[Entries taken from a collection]
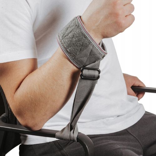 Wykonana z poliestrowego paska z regulowaną klamrą, jest wytrzymała i trwała, zapewnia bezpieczne przywiązanie do ramy łóżka / krzesła. Łatwa regulacja długości zawiesia ogranicza ruchy ciała.
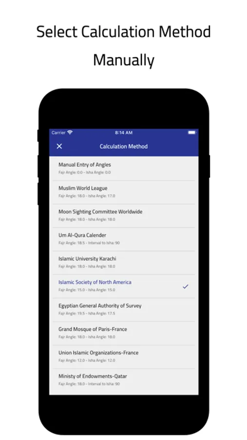 - Automatic selection of the method of calculating prayer times according to geographical location and country, with the possibility of selecting the same manually
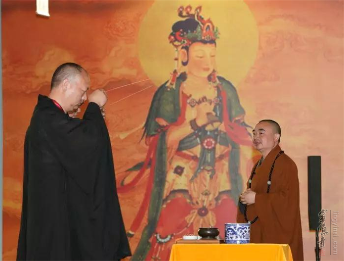 上午10时,宁波护法居士发心,设上堂斋供养三宝,并迎请得戒大和尚灵隐寺方丈光泉大和尚主法。
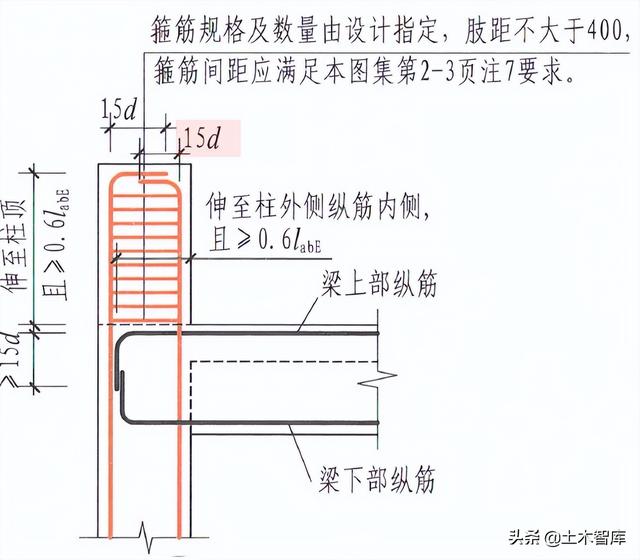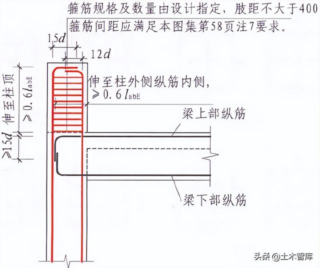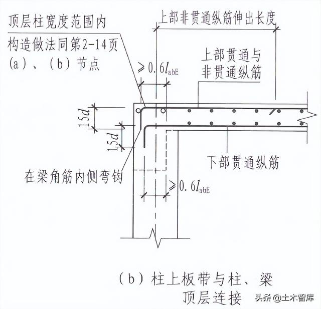 22G101-1减少了柱上板带与柱、梁顶层连接内部结构图:
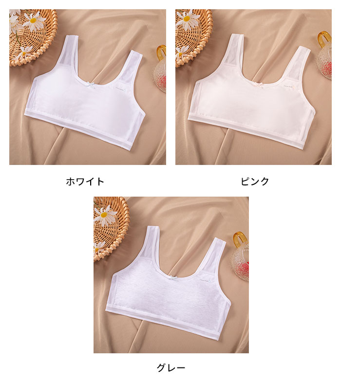 3点入り スポーツブラ 中学生 ブラジ キッズ 下着 パジャマ ブラジャー 通販 L XL XXL 白・灰・ピンク 白・3枚入り 灰・3枚入り ピンク・3枚入り
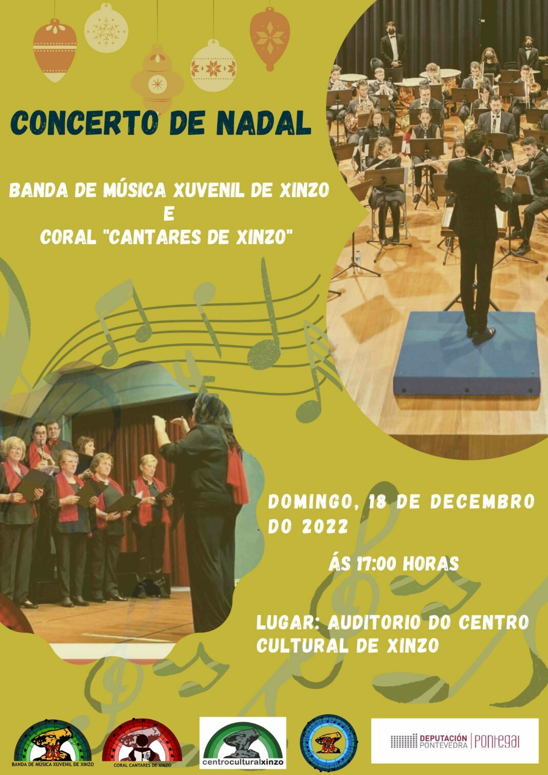 Ao día seguinte, o domingo 18 de decembro, será o turno da Banda de Música e a Coral Cantares. Ambas agrupacións volven xuntarse tras o exitoso concerto en honra a Santa Icía que tivo lugar fai unhas semanas, esta vez para celebrar a Navidade e o Fin de Ano. Este concerto dividirase en dúas partes, unha primeira na que actuará a Coral y unha segunda na que o fará a Banda, e tendrá lugar ás 17:00h, tamén no auditorio do Centro Cultural de Xinzo.
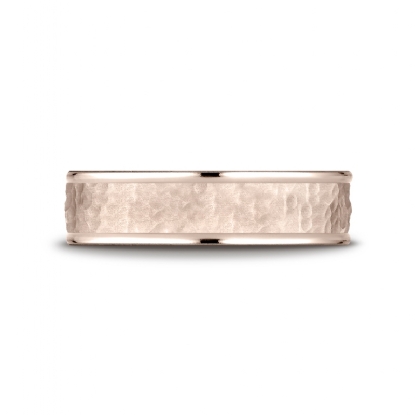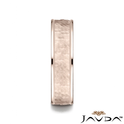 Hammered Finished Comfort Fit Unisex Wedding Band 14k Rose Gold

WORK ITEM:
Give every line of the records above again, exactly, and omit the pictures.

OUTPUT FOR THIS EXERCISE:
 Wykonana z poliestrowego paska z regulowaną klamrą, jest wytrzymała i trwała, zapewnia bezpieczne przywiązanie do ramy łóżka / krzesła. Łatwa regulacja długości zawiesia ogranicza ruchy ciała.
 - Automatic selection of the method of calculating prayer times according to geographical location and country, with the possibility of selecting the same manually
 上午10时,宁波护法居士发心,设上堂斋供养三宝,并迎请得戒大和尚灵隐寺方丈光泉大和尚主法。
 22G101-1减少了柱上板带与柱、梁顶层连接内部结构图:
 3点入り スポーツブラ 中学生 ブラジ キッズ 下着 パジャマ ブラジャー 通販 L XL XXL 白・灰・ピンク 白・3枚入り 灰・3枚入り ピンク・3枚入り
 Ao día seguinte, o domingo 18 de decembro, será o turno da Banda de Música e a Coral Cantares. Ambas agrupacións volven xuntarse tras o exitoso concerto en honra a Santa Icía que tivo lugar fai unhas semanas, esta vez para celebrar a Navidade e o Fin de Ano. Este concerto dividirase en dúas partes, unha primeira na que actuará a Coral y unha segunda na que o fará a Banda, e tendrá lugar ás 17:00h, tamén no auditorio do Centro Cultural de Xinzo.
 Hammered Finished Comfort Fit Unisex Wedding Band 14k Rose Gold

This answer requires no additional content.